Relax, no one’s going anywhere with the Resistance but the Resistance. We’ll be heading off a different way. Anyway… Oh, hell, I said a lot and they said a lot, but I couldn’t argue
too
hard, ‘cause I’d presented the whole thing primarily as a propaganda exercise—embarrass the EuroBloc and get them some good press for once, y’see? To keep them from leveling the place and killing everyone. Which it turns out, you’ll be glad to hear, would be so expensive in terms of resources, both live and inanimate, that they’re not up for it.

“Well, anyway, we’re waiting until Friday night if we can, zero hour at eleven o’clock. But we’ll be in position as soon as the newspaper deadline has passed and I want you to have everything ready as well. If they come for you, if you have any reason to think you can’t wait, just get started. Wave this out the dorm window so we know to start the clock.”

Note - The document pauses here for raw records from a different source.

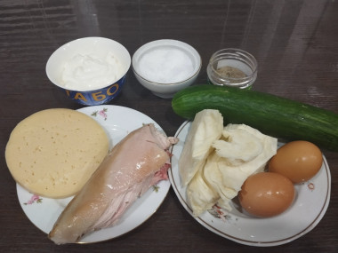 Салат с копченой грудкой и свежим огурцом
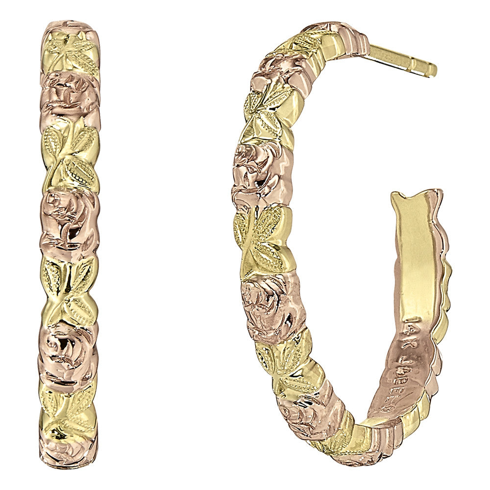 Rose Flower Hoops in 14K Pink and Green Gold Grand
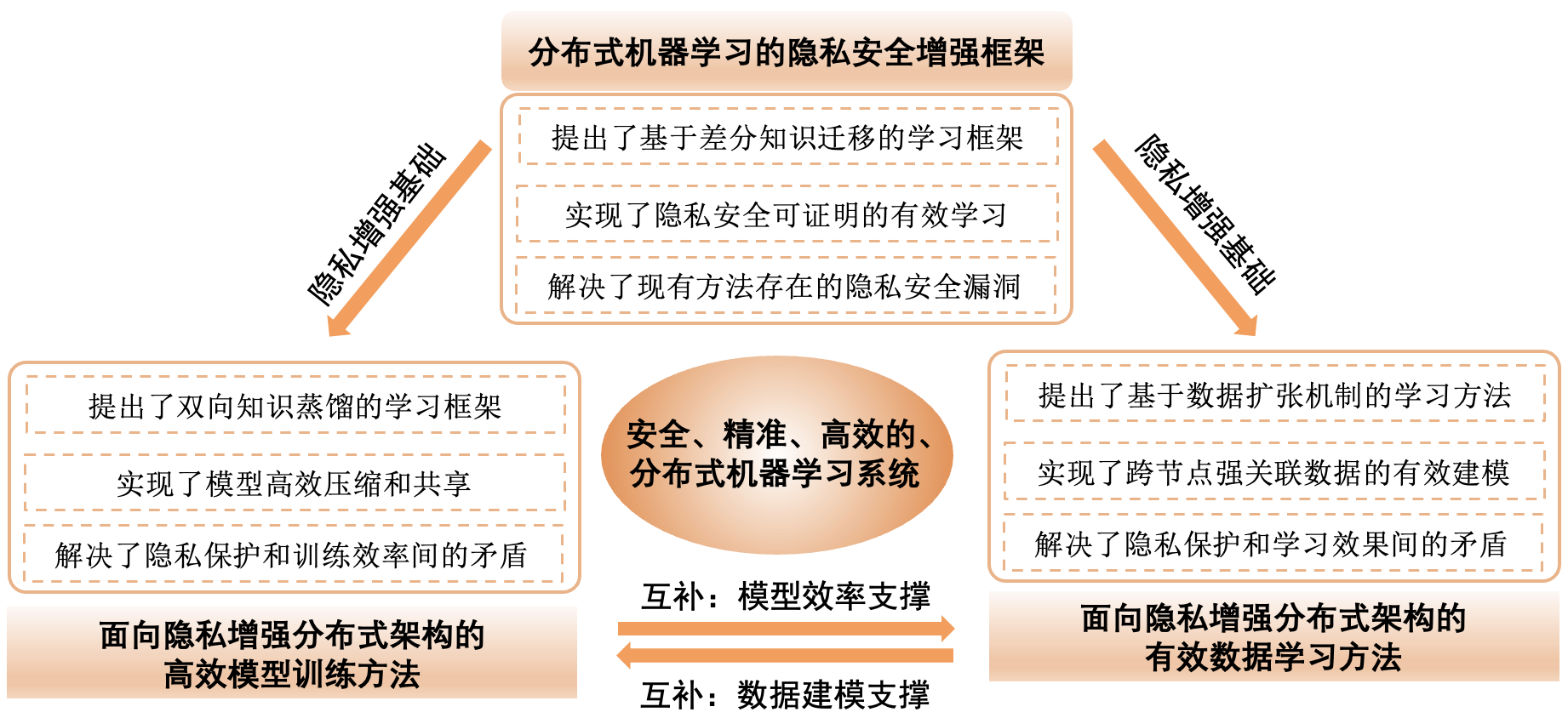 清华新闻网8月23日电 分布式机器学习能够协同实际系统中分布在不同节点的数据和资源,通过节点间共享学习中间变量(如模型参数)进行模型训练。该技术具有去中心化的特性,一定程度上避免了数据集中存储带来的隐私风险,是目前面向隐私保护的主流机器学习方法。但是,随着研究深入,分布式机器学习也遇到了诸多挑战。当前分布式机器学习框架是利用各个节点数据分散性来实现数据隐私保护。节点原始数据的隐私与学习中共享变量具有高度相关性,已有研究工作证明了隐私数据能从共享的变量中被成功解码。因此,如何构建全过程与各环节隐私保护的分布式机器学习框架是当前数据安全领域的基础前沿课题。
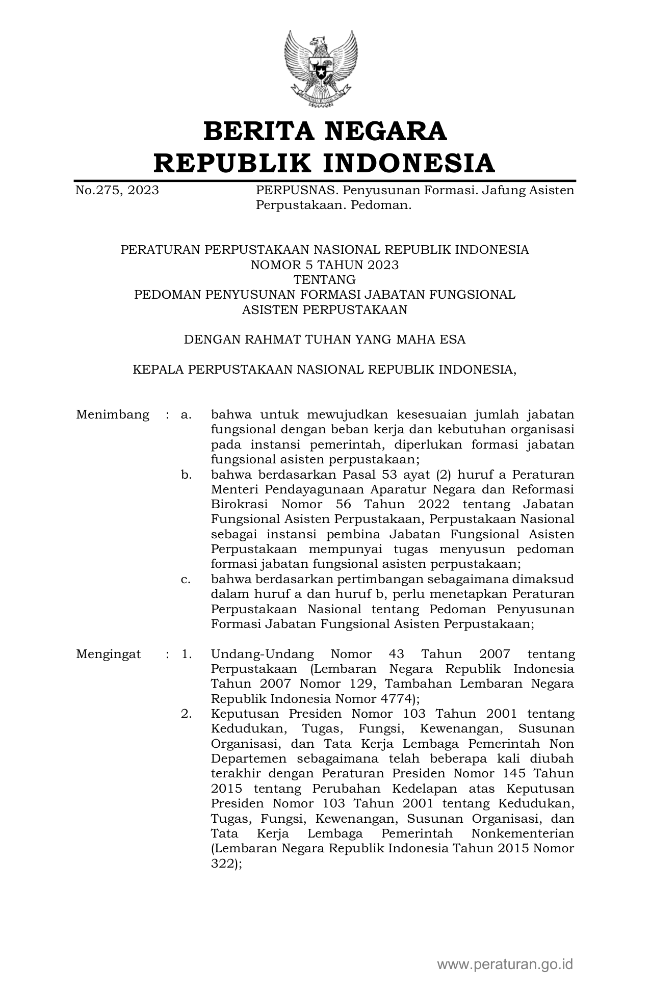 PERBAN Nomor 5 Tahun 2023 | Peraturan Badan Nomor 5 Tahun 2023 tentang PEDOMAN PENYUSUNAN FORMASI JABATAN FUNGSIONAL ASISTEN PERPUSTAKAAN
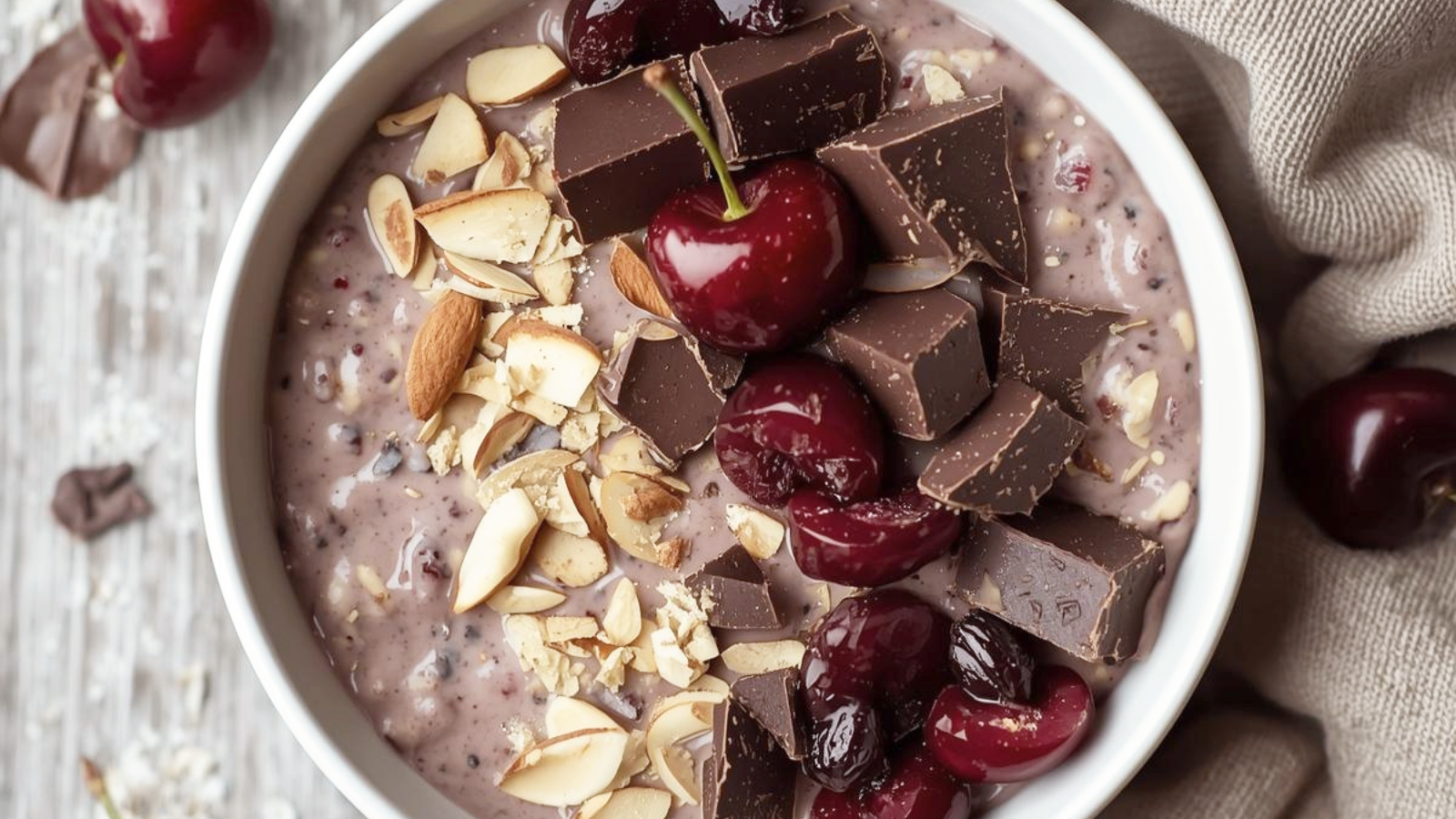 Almond + cherry feels festive and indulgent, but the yoghurt and protein balance it beautifully.
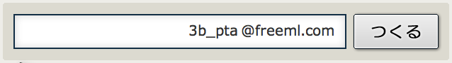 freemlのトップページで作りたいメーリングリストのメールアドレス(例:3b_pta@freeml.com)を入力し、「つくる」ボタンを押してください。

His hand reached up and pushed a large red silk handkerchief into the hatch. I tucked it inside my jumpsuit with the three guns.

“Now, timings?” he said. “You know how long it takes to get around in there. I don’t.”


Okay. One minute after zero hour—or the red handkerchief—start the attack. On all the towers, I think, but the east ones most, to draw all the spare guards over there. If it’s nighttime, wait ten more minutes, then intensify the attack, making sure you hit the two west towers a bit harder—they’re the ones we’ll be taking, so they need to be panicking about then. But not too hard, because the last thing we want is a load of reinforcements
actually
running over there!”

“I wouldn’t worry,” put in Bane, “at least nine out of ten of those guards will never have heard a gun go off outside a shooting range. I reckon they’ll panic way before their officers see the need to send reinforcements. Before I forget, how many are there?”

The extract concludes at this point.